Timing is everything for living legend Clint Eastwood.
The actor/director served up American Sniper after Hollywood stopped firing cinematic shots at the U.S. Military. The results? Sniper earned $350 million at the U.S. box office.
Two years later Eastwood directed Sully, just when movie goers craved a true American hero story. That movie hauled in $125 million domestically.
He may have topped himself with Richard Jewell. The film, out Dec. 13, recalls how the FBI and media unfairly painted the portly security guard as the main suspect in the 1996 Atlanta Olympics bombing. The blast killed one and injured 111 people.
The far-left Hollywood Reporter praised Richard Jewell, but it did something else with its glowing review. It confirmed what many suspected from the film’s trailer. The movie savages the mainstream press.
Most Hollywood films about journalism since All the President’s Men 43 years ago have taken the free press’ side, portraying it as a scruffy if noble institution essential to the well-being of democracy. Eastwood and screenwriter Billy Ray (The Hunger Games, Captain Phillips) here take a rather different view of the Fourth Estate, portraying it as reckless, corrupt and immoral [emphasis added]….
The mob of reporters covering the story resembles a plague of locusts, with any little tidbit being transformed into big news as the media tries to finger a culprit.
The far-left IndieWire.com called Richard Jewell “solid as oak.” It, too, says the film takes aim at the media.
With such artistic allowances in mind, Richard Jewell clearly falls on the sympathies of the protagonist and his defenders, with the press and Federal Bureau of Investigation shown as the bad guys not to be trusted.
Variety dubs Richard Jewell a “good story” that can’t be hurt by its attacks on the press.
In this case, at a time when politicians have stoked public distrust of news media, and when news media have punched back by holding politicians to even stricter standards of truthfulness, does anybody want to hear what the “Hollywood elites” have to say about Richard Jewell?
Of course, Eastwood is anything but a typical “Hollywood Elite.” Remember how he compared President Barack Obama to an empty chair?
Still, Variety’s review nails what Eastwood has apparently done with the film.
Still, the result is undeniably compelling, a kind of modern-day “Ace in the Hole” and a populist reflection of the public’s disdain for journalists and government alike, as told by a filmmaker (and let’s not forget: former mayor of Carmel, Calif.) with his finger on the pulse.

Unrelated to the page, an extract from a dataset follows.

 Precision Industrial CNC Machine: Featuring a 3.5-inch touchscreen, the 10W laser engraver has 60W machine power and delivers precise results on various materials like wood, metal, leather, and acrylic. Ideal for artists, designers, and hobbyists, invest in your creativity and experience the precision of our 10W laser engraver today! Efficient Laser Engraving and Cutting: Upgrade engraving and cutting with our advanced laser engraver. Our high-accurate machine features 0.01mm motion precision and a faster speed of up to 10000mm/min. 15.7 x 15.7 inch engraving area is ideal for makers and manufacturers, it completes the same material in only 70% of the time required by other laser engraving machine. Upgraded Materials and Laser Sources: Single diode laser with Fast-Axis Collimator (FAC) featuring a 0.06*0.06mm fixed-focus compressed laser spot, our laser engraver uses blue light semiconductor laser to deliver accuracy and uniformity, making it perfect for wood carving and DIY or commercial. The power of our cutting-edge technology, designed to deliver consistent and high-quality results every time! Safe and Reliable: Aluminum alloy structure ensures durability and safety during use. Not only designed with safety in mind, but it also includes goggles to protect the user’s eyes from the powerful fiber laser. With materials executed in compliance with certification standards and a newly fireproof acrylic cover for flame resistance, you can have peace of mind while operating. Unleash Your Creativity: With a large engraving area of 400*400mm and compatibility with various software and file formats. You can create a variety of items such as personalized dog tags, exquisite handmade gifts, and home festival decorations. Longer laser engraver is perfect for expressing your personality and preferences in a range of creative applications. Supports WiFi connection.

Yes, the events in the film took place more than 20 years ago, but once again Eastwood gets the zeitgeist better than his peers. While they stumble over repeated Fox News films and fawning media portraits, he’s showcasing what’s happening in the media today.

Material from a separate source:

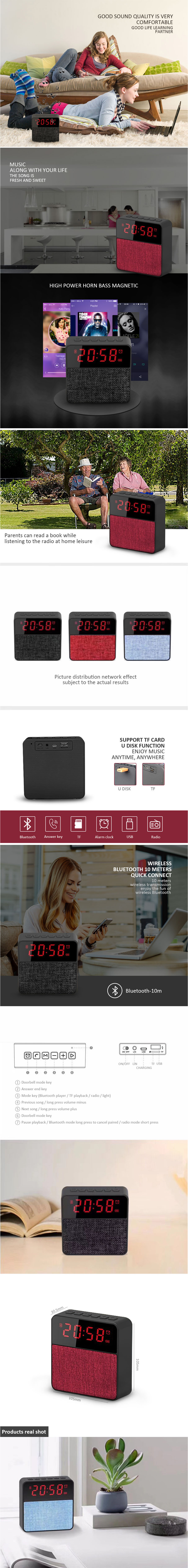 Clock Speaker Bluetooth Wireless Column TF Card Udisk FM Radio Portable Bluetooth Speakers Gray/Speaker

Just this week we saw both AFP and Reuters “disappear” a news story because if made President Barack Obama, not President Donald Trump, look bad.
Every time you read something from AFP and Reuters (and CNN and the Washington Post), you should be thinking not “This is fake news” but: “What’s the agenda?”
That’s just the tip of the Fake News iceberg, a toxic development that has turned the country against the allegedly fair Fourth Estate.
Of course, this impacts entertainment journalism, too. So kudos to the aforementioned critics for not letting their knee-jerk defense of a dying industry – journalism – flavor their Richard Jewell reviews.